Jesús, cuando habla del Reino de Dios, lo describe como un banquete de bodas, como una fiesta con los amigos, como el trabajo que hace perfecta la casa, o las sorpresas que hacen la cosecha más rica de la siembra. Tomar en serio las palabras evangélicas sobre el Reino habilita nuestra sensibilidad a gozar del amor laborioso y creativo de Dios, y nos pone en sintonía con el destino inaudito de la vida que sembramos.
En nuestra vejez, queridas y queridos coetáneos, hablo a los ancianos y ancianas, la importancia de tantos "detalles" de los que se constituye la vida - una caricia, una sonrisa, un gesto, un trabajo apreciado, una sorpresa inesperada, una alegría acogedora, un vínculo fiel - se hace más grave.

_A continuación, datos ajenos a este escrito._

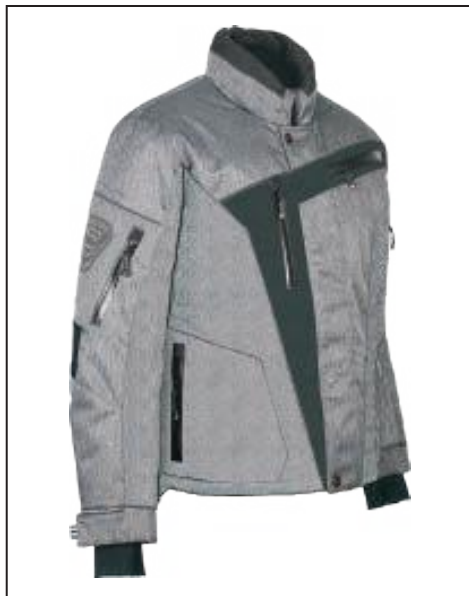
178122 HR9 Charcoal Herringbone s to 2xl
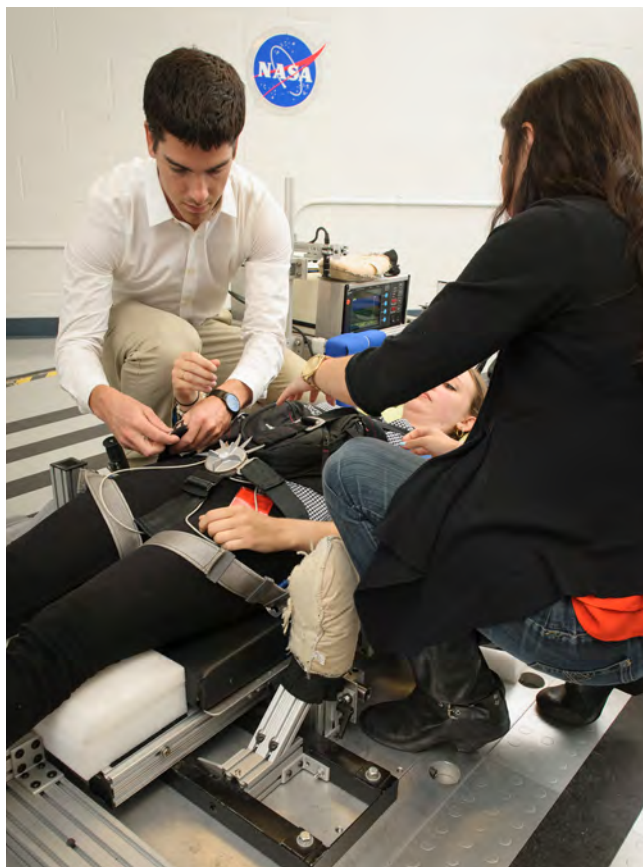
2013 SLSTP students performing research using the Human Performance Centrifuge at Ames

The SLSTP is funded by NASA's Science Mission Directorate. The SLSTP is managed by the Space Biology Project within the Science Directorate at Ames Research Center.
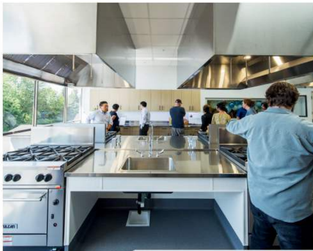
World Relief Community Learning Kitchen at Hillside Church in Kent

Our World Relief Community Learning Kitchen ceremoniously opened in June, and we are now up and running! Over the summer, a group of our interns taught two separate food classes to kindergarten groups during our Refugee Youth Summer Academy, with 20 students in each session.

Lo esencial de la vida, al que en las cercanías de nuestra despedida nos damos más importancia, nos parece definitivamente claro. He aquí: esta sabiduría de la vejez es el lugar de nuestra gestación, que ilumina la vida de los niños, de los jóvenes, de los mayores, de toda la comunidad. Los ancianos debemos ser esto, luz para los demás.

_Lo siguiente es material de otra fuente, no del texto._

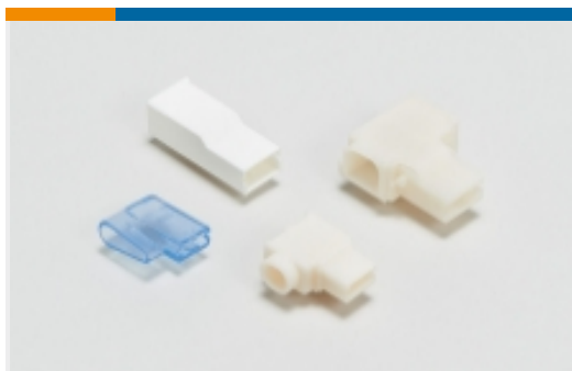
Crimp Terminal Housings(86)
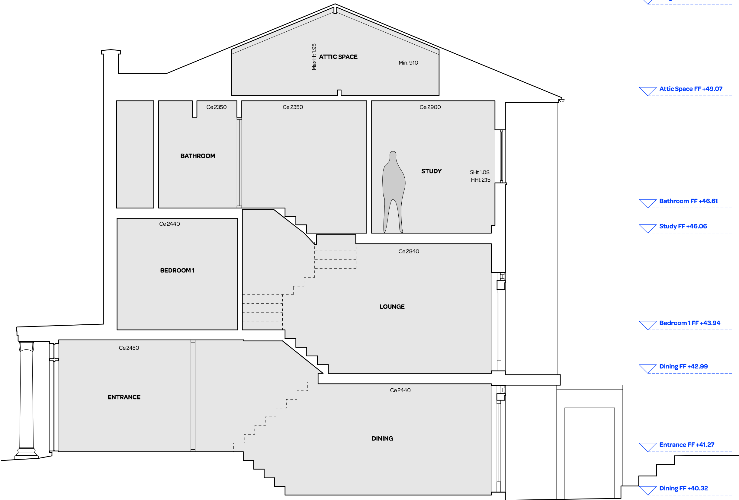
EXISTING SECTION AA
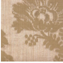
4062-02 DAMAS ORSAY - CREME *
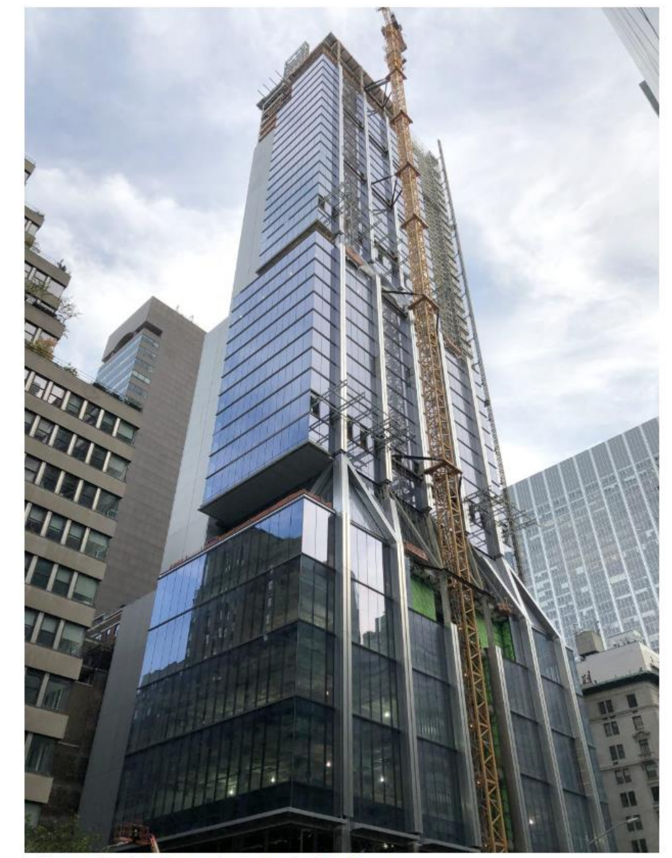
Looking up at the main Park Avenue elevation.

Meanwhile, the glass curtain wall that makes up the large western elevation facing Park Avenue closes in on the final floors of the third and largest building tier.
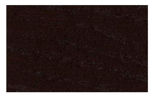
R 3.144 oak wenge dark stain
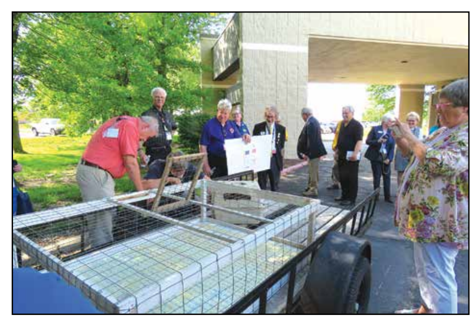
Kansas Lions News • Summer 2019 • Page 16 _____

Non-Profit Standard U.S. Postage PAID Permit No. 300 Wichita, KS. 67276
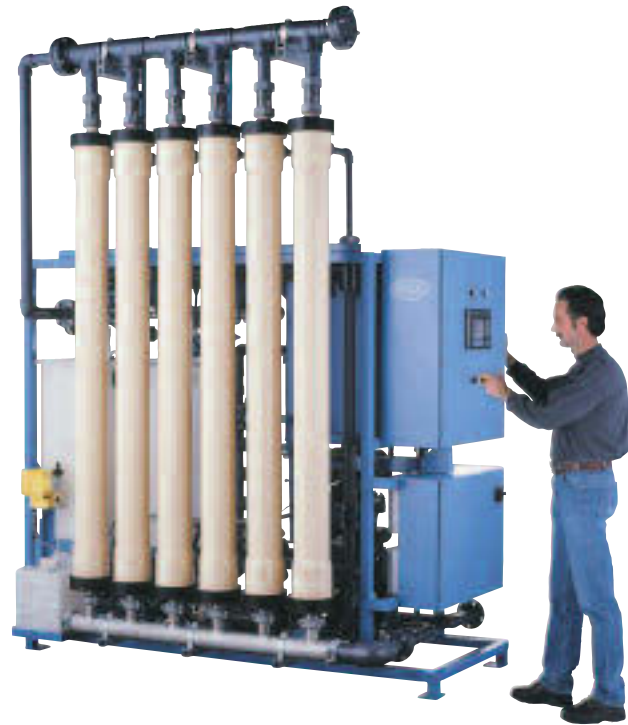
Pall's Aria Membrane Water Treatment System.

Treatment begins with microfiltration. An Aria™ MF unit from Pall Corp, East Hills, NY, eliminates all solid contaminants above 0.1 micron in size. MF effluent is essentially free of solids, colloidal silica, and bacteria. It is piped to a temporary storage tank with sufficient volume to permit operation of the RO unit and polishing demineralizers at peak efficiency while the Pall filter undergoes periodic self-cleaning. Next step is chemical treatment for softening and to prevent scaling, and flow through a granulated activated carbon filter to remove residual chlorine. The resultant filtrate, with an average total dissolved solids (TDS) of 650 ppm, is piped to the suction inlet of Puretec's E-frame, dual-pass RO skid. It reduces the mineral and salt load in the influent by 99%, yielding a product effluent with 1.5 ppm TDS. Permeate is piped to a 120,000-gal tank for storage and degasification. On demand, the RO permeate is pumped from the storage tank through a set of mixed-bed polishing demineralizers to remove any remaining ionic material. CCJ

Toda nuestra vida aparece como una semilla que deberá ser enterrada para que nazca su flor y su fruto. Nacerá, junto con todo el mundo. No sin dolores, no sin dolor, pero nacerá (cf. Jn 16,21-23). Y la vida del cuerpo resucitado será cien y mil veces más viva que la que probamos en esta tierra (cf. Mc 10,28-31).